We're specifically interested in posts whose titles begin with either *Ask HN* or *Show HN*. Users submit Ask HN posts to ask the Hacker News community a specific question. Below are a couple examples:

- Ask HN: How to improve my personal website?
- Ask HN: Am I the only one outraged by Twitter shutting down share counts?
- Ask HN: Aby recent changes to CSS that broke mobile?

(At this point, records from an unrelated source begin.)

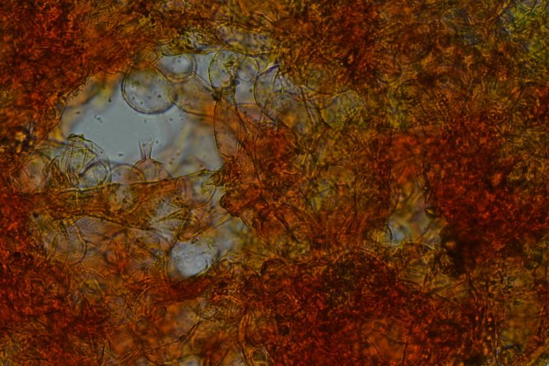 These 0.5 mm diam. acervuli were breaking through
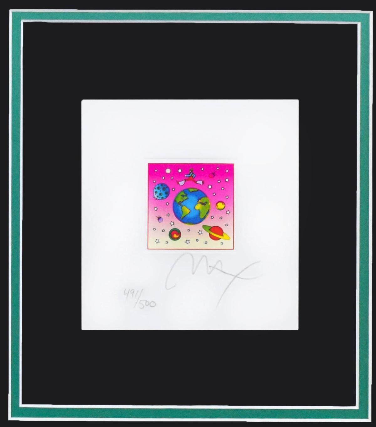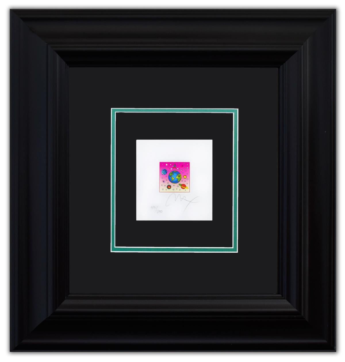 Artist: Peter Max. Medium: Original Lithograph. Title: Cosmic Runner with planets (Mini). Size (Unframed): 5" x 4.5". Size (Framed): 21" x 19". Certificate of Authenticity: From Peter Max Studio. Additional: Custom framed. Reference# 15580.
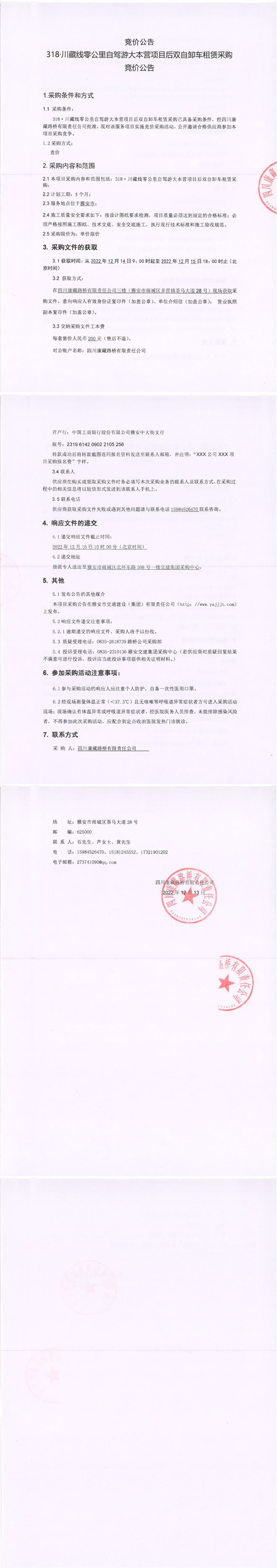 四川康藏路橋有限責任公司318.川藏線零公里自駕游大本營項目后雙自卸車租賃采購競價公告
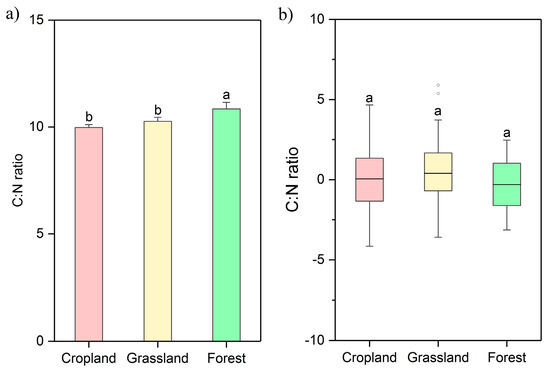 Moreover, as the age of cultivated soils increased, the different accumulation rates of C and N in the soils resulted in a change of C:N ratio [79]. With increasing reclamation age, it was found that the increases in C:N ratios for sites previously used as grassland tended to be less (Figure 7c). The increased N accumulation in the soil may be partly due to the overuse of N fertilizer, an effective way to increase crop biomass and yield, enhancing the N deposition in soils [80]. An experimental site receiving synthetic N fertilization over a 40–50 year period indicated a net decline in soil C [81]. Thus, the C:N ratio decreased according to the smaller change rate of SOC accumulation than N deposition. In addition, C:N ratios from previously forested land stayed relatively stable, indicating similar accumulation rates and a relative balance between SOC and TN. The variations in soil C:N ratio are not only caused by C and N inputs, but also by decomposition in soils [11]. Soil micro-organisms in the previously forested soils may enhance nitrogen-induced increases in the C uptake in the soil [82]. The underlying mechanisms of these variations and the longer time monitoring of C:N ratios require further study.
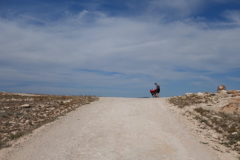 Approaching a hill top near a quarry, north of Caudete.
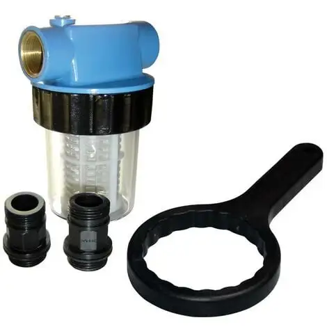 Domaine d’application : pour les pompes de jardin, le filtre de fixation est monté entre le tuyau d’aspiration et la pompe
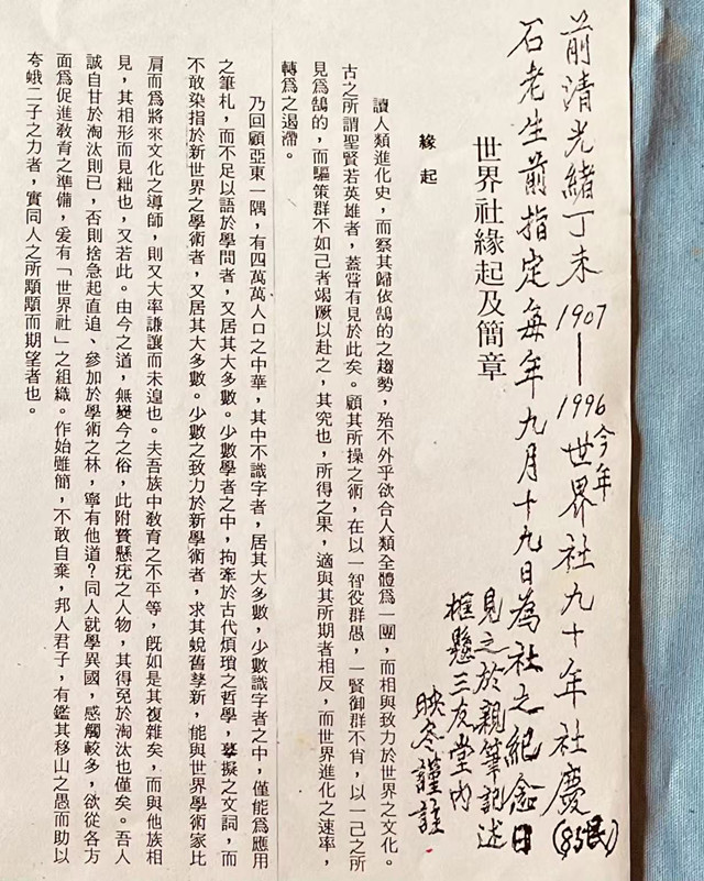所以說,世界社乃粥會前身、也就是其先進社團、延續精神文人組織,自最初擴武文源,到後來脫胎換骨,轉化為崇文尚武、文化人士之雅集,至今已有120年歷史,比粥會1924年成立於上海,還要早上17個年頭!今天同時議事運作,商訂今年之內辦理,「百年粥會名賢名家逸品會展」活動,旨在承先啟後,繼往開來雅趣。
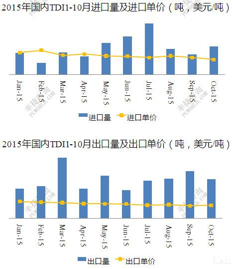 2015年国内1-10月份TDI进口量28585吨,出口量47954吨,净出口量19370吨;进单价方面上半年浮动较大,下半年总体呈现弱行走势;出口单价方面较为平稳,然走势全年呈现弱势下行。
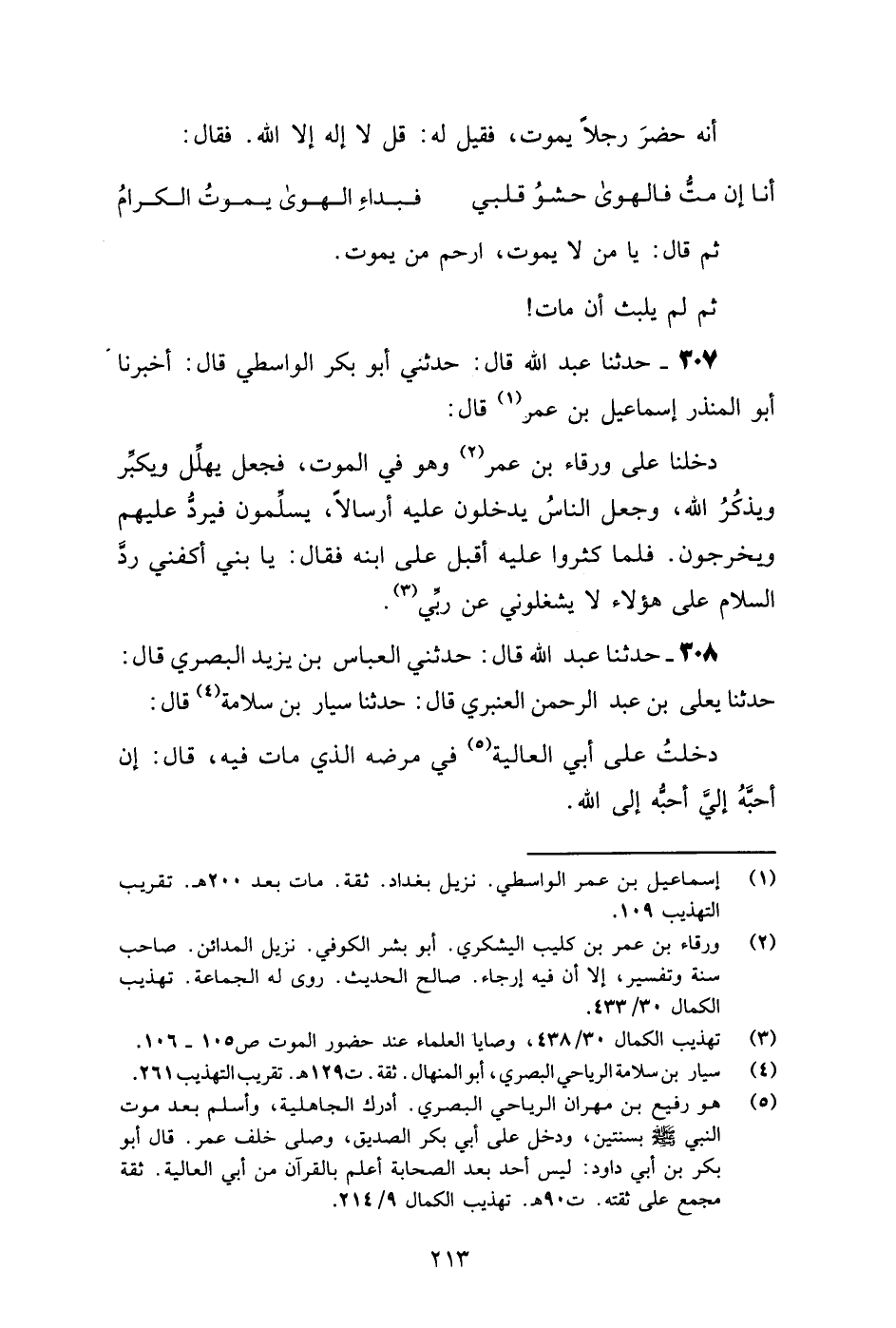 307 - حَدَّثَنَا عَبْدُ اللَّهِ قَالَ: حَدَّثَنِي أَبُو بَكْرٍ الْوَاسِطِيُّ قَالَ: أَخْبَرَنَا أَبُو الْمُنْذِرِ إِسْمَاعِيلُ بْنُ عُمَرَ قَالَ: دَخَلْنَا عَلَى وَرْقَاءَ بْنِ عُمَرَ وَهُوَ فِي الْمَوْتِ، فَجَعَلَ يُهَلِّلُ وَيُكَبِّرُ وَيَذْكُرُ اللَّهَ، وَجَعَلَ النَّاسُ يَدْخُلُونَ عَلَيْهِ أَرْسَالًا، يُسَلِّمُونَ فَيَرُدُّ عَلَيْهِمْ وَيَخْرُجُونَ. فَلَمَّا كَثُرُوا عَلَيْهِ أَقْبَلَ عَلَى ابْنِهِ فَقَالَ: «يَا بُنَيَّ §اكْفِنِي رَدَّ السَّلَامِ عَلَى هَؤُلَاءِ لَا يَشْغَلُونِي عَنْ رَبِّي»
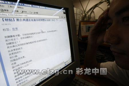 网友上网观看关于“刑警队长逃亡日记”的帖子。王磊 摄
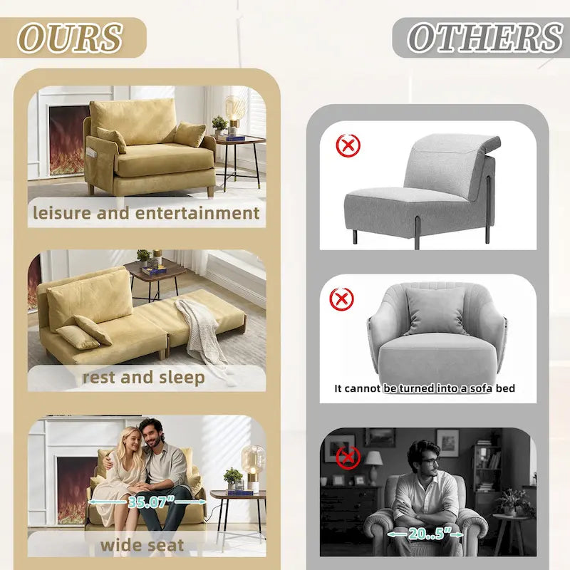 - Our product is perfect for small spaces or sofas that require a combination of functions, whether it is for leisure and entertainment, or rest and sleep, this convertible sofa bed will be your first choice, with high-quality sofas and classic and stylish color schemes, can be adapted to different home environments
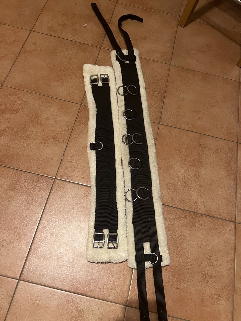 Longerende singel WB teddybont - Longsingel maat warmbloed Tekenen van slijtage op de riemen. Er is achteraf een ring aangebracht omdat de oude verloren is gegaan.
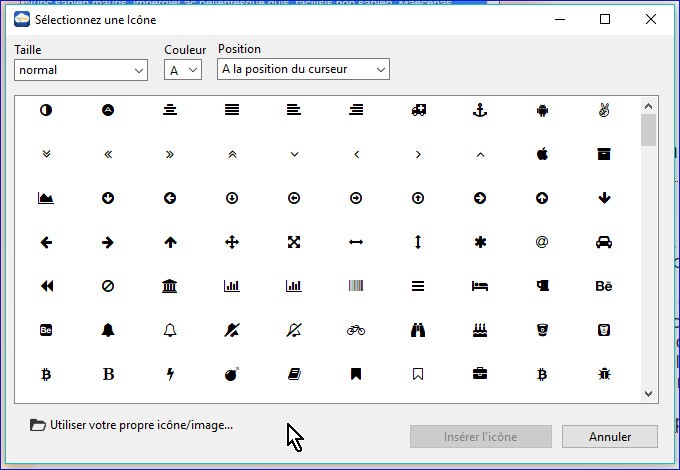 Cliquez sur l'icône "Insérer/Editer une icône", vous obtenez cette fenêtre.
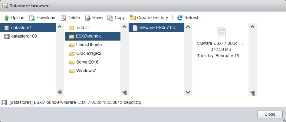 - Seleccione un directorio para almacenar los archivos del paquete o cree un nuevo directorio en el navegador del almacén de datos. Creamos el directorio ESXi7-bundle para almacenar el archivo VMware-ESXi-7.0U2d-18538813-depot.zip archivo. Haga clic en Cargar para examinar un archivo comprimido y cargarlo en el directorio seleccionado del almacén de datos.
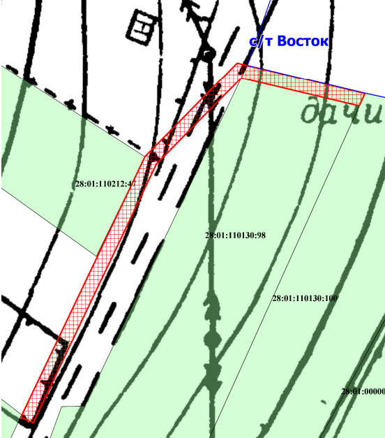 1) части земельного учаска с кадастровым номером 28:01:110130:98, расположенного районе коллективных садов;
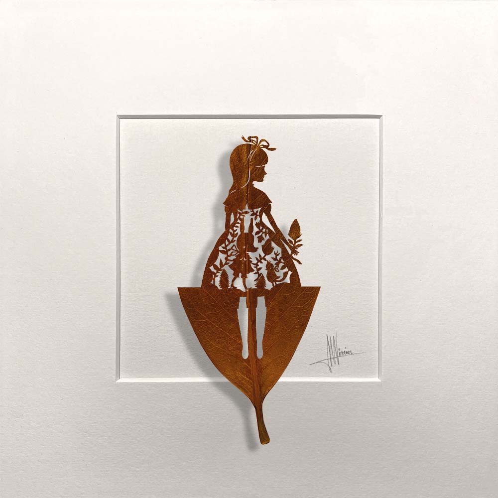 Silueta de una niña que recuerda a “Alicia en el País de las Maravillas” recortada en una hoja natural de magnolio.
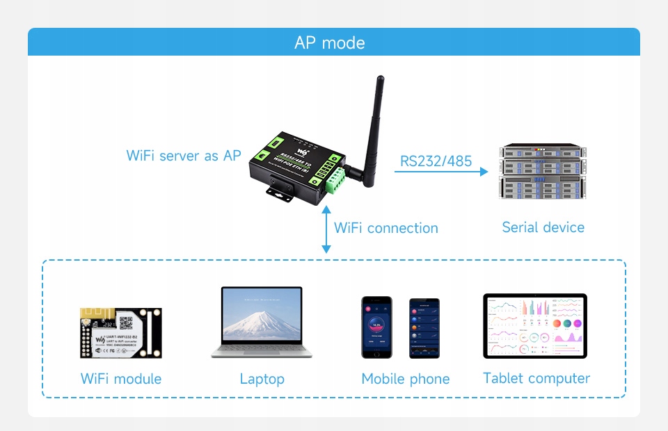 Порт Ethernet и Wi-Fi для RS232/485 Порт Ethernet и Wi-Fi могут одновременно передавать данные к двум последовательным портам.
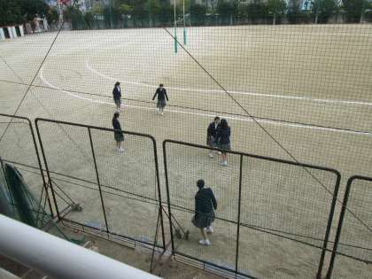グラウンドを見ると、女子生徒が走り回って遊んでいます。
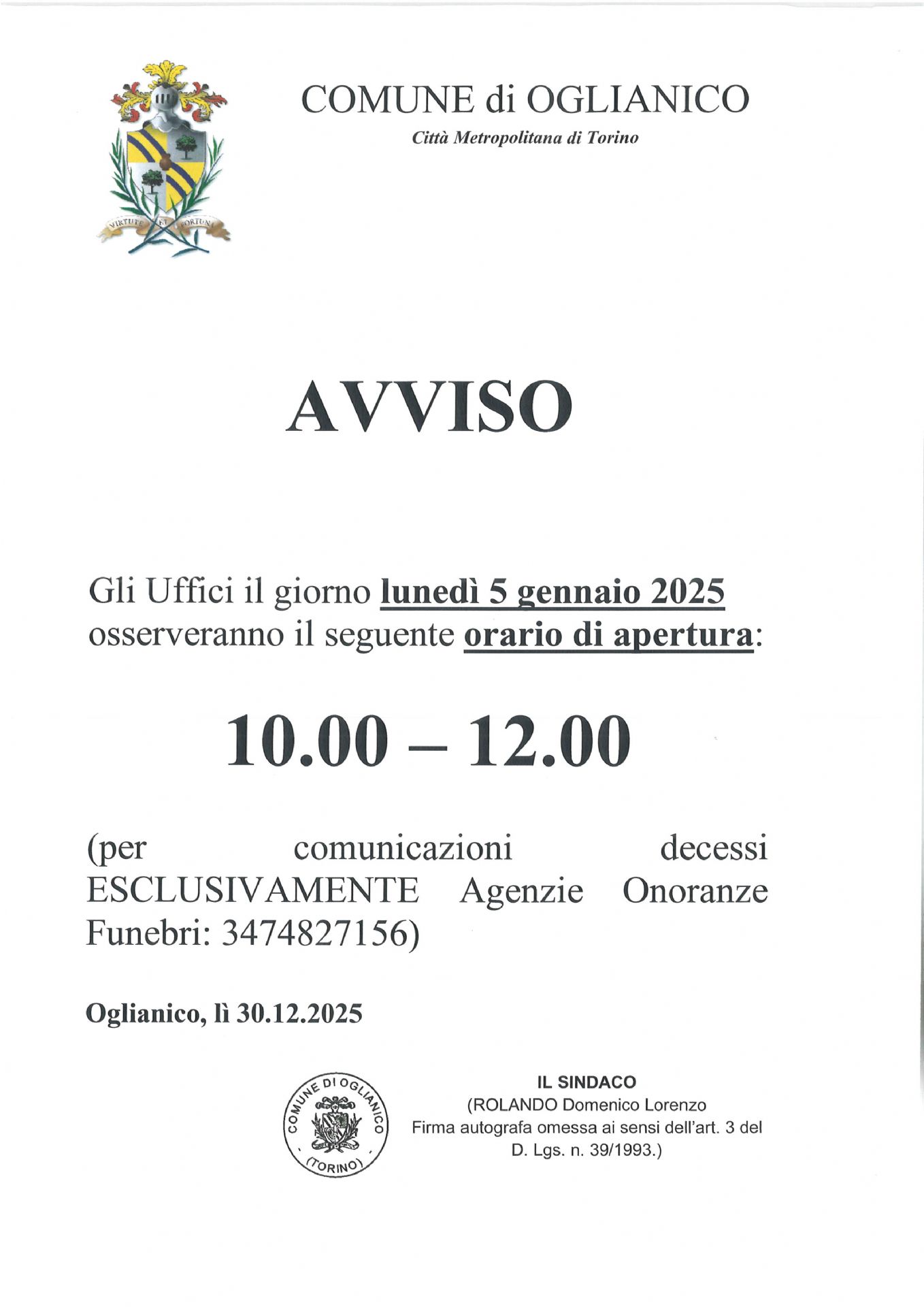 Gli Uffici Comunali il giorno 5 gennaio 2026 (lunedì) osserveranno il seguente orario di apertura:
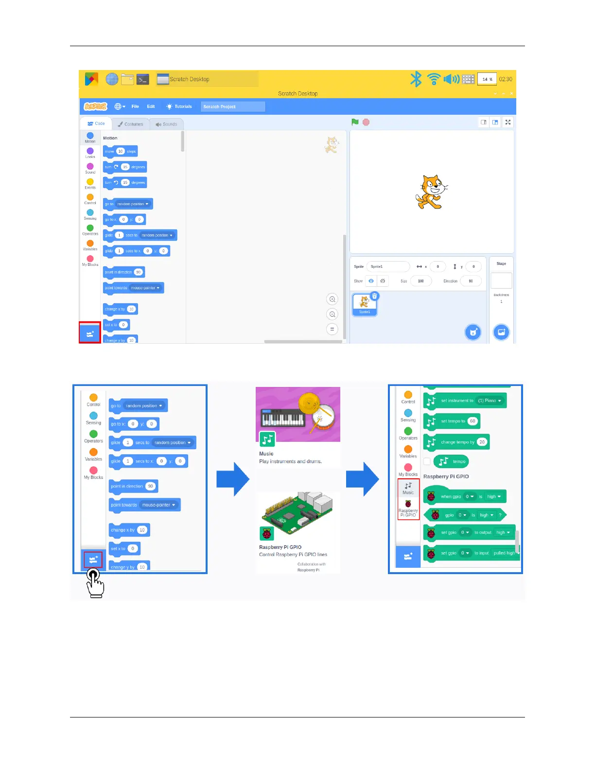 Tap Add icon at lower left corner and choose Music and Raspberry Pi GPIO to add two functions on the left of the
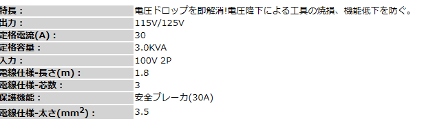 ◎入力電圧(AC100V)を15%または25%アップします。電圧ドロップを解消して電動工具の能力を100%発揮する。
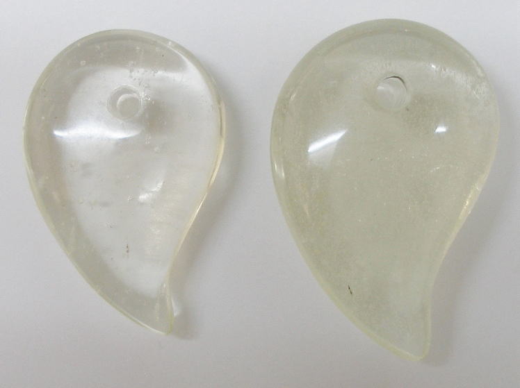 天然ガラスであるリビアングラス(リビアンディザートグラス・リビア砂漠ガラス)の原石のうち、およそ80%〜90%クリアな原石を選別して勾玉(曲玉)にカット加工した優品質な珍品です。

Likewise, users submit *Show HN* posts to show the Hacker News community a project, product, or just generally something interesting. Below are a couple of examples:

- Show HN: Wio Link  ESP8266 Based Web of Things Hardware Development Platform'
- Show HN: Something pointless I made
- Show HN: Shanhu.io, a programming playground powered by e8vm

We'll compare these two types of posts to determine the following:

- Do *Ask HN* or *Show HN* receive more comments on average?
- Do posts created at a certain time receive more comments on average?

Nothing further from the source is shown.